Özge'nin yanındaki kişinin asla sevgilisi olduğuna inanmamıştım. Özge Berk'e ihanet edeceğini düşünerek asla biriyle çıkmazdı.Neden bu kadar sevdiğini anlayamıyordum. Berk gibi birini nasıl bu kadar severdi. Yaptıklarından sonra. Bunları bilmiyordu tabiki. Ama öğrenirse asla kendine gelemezdi. Onu bu kadar severken...Şirkette odamda oturmuş bunları düşünüyordum. Ben ne zamandır kendimden, dedemden ve Berk'ten başka birini düşünür olmuştum? Kapımın hızlıca açılmasıyla Burak içeri girdi. Ayağa kalktım. Elindeki kağıdı yüzüme fırlattı.
"Doğruyu söyle sen mi söyledin ?" diyerek bağırdı. Elini başına koyup düşünmeye başladı. Delirmiş gibiydi.
Elimdeki notu okumaya başladım.
" Berk'in seni gerçekten sevdiğine inandığın için sana acıyorum."
Bunu Özge öğrendiyse halini düşünemiyordum. Ama tek bildiğim ona asla bunu yapmayacağım.
"Ben yapmadım. Bunu bile bile Özge'nin böyle bir şeyi öğrenmesine izin vermem."
"Senden ve benden başkası bilmiyor. Ben söylemediğime göre sen yapmış olmalısın."
"Ne düşündüğün umrumda değil Berk kardeşim gibidir. Özge'yi bana emanet etti. Böyle bir şeyi asla öğrenmesine izin vermem."
"Kim yaptı o zaman söyle bizden başka kim biliyor."
"Biri bizimle oyun oynuyor o kişiyi bulursam elimden sağ çıkmayacak."
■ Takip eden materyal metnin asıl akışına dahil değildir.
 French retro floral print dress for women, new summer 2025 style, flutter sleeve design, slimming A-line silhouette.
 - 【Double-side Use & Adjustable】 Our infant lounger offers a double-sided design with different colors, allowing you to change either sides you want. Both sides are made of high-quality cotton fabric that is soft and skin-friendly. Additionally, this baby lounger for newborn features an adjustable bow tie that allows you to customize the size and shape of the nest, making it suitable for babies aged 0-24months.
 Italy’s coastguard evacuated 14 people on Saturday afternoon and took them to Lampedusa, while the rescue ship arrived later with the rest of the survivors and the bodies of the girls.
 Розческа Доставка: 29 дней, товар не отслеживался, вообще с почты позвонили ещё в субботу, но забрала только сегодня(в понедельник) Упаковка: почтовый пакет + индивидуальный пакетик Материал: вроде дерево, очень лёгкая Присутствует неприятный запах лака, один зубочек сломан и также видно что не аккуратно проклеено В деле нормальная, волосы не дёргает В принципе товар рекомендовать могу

"Peki madem bunu kimin yaptığını bulursan haber ver bendende çekeceği var şimdi evde cevap vermem gereken biri var." arkasını döndü. Kapıya doğru yürürken "Ne diyeceksin?" dedim.
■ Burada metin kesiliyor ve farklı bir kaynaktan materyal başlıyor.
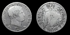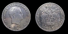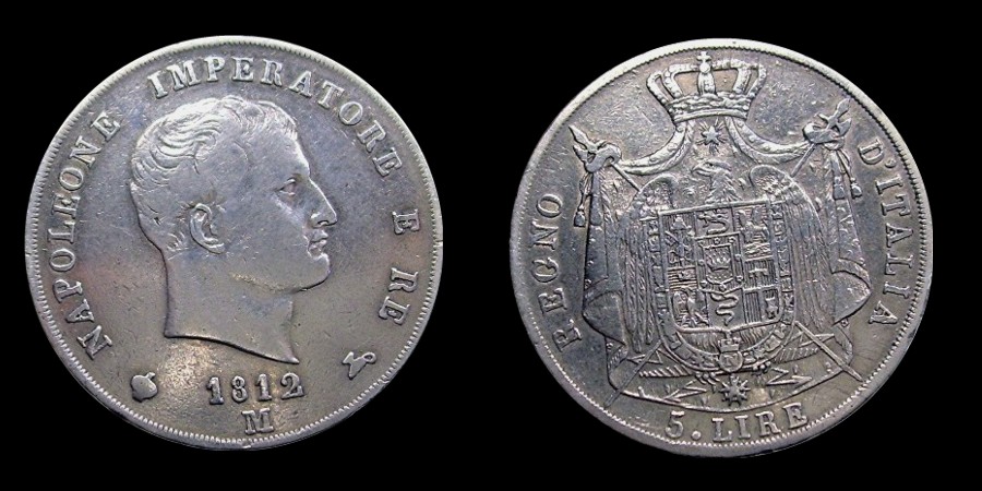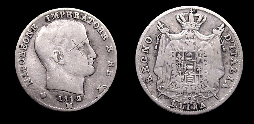 Obv.: NAPOLEONE IMPERATORE E RE. Below, 1812 and M in two lines, between pomegranate and oil lamp. Rev.: Napoleonic coat of arms. Around: REGNO D'ITALIA. Below, 1. LIRA Mm. 23,5, grs. 5 |
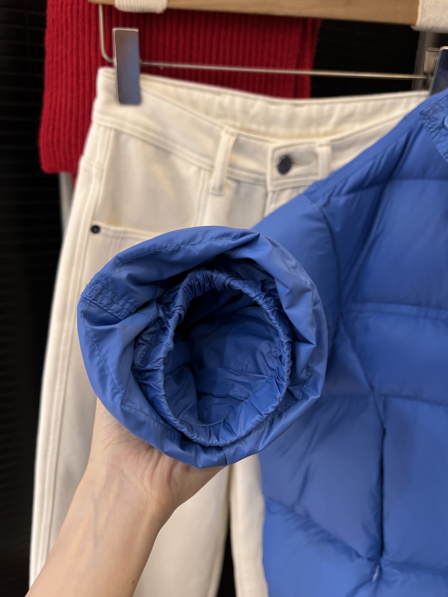 内里全包边,分仓式分格的定点充绒➕锁绒针,把绒朵牢牢锁在里面,不跑绒,不露绒。

"Bilmiyorum. Ama gerçekleri öğrenmesi daha iyi olacak.Ama bunu diyecek cesaretim yok."
"İstersen ben diyim ne olsa benden nefret ediyor. Bana bağırır çağırır rahatlar belki. Hem öğrenmesi daha iyi bu oyunu oynayan kişiden öğrenirse bizi suçlayacak. Hem o kişiyi bulmamız kolaylaşır." biraz durup düşünmeye başladı. Çaresiz görünüyordu. Bunu saklamak ikimizide ağır geliyordu.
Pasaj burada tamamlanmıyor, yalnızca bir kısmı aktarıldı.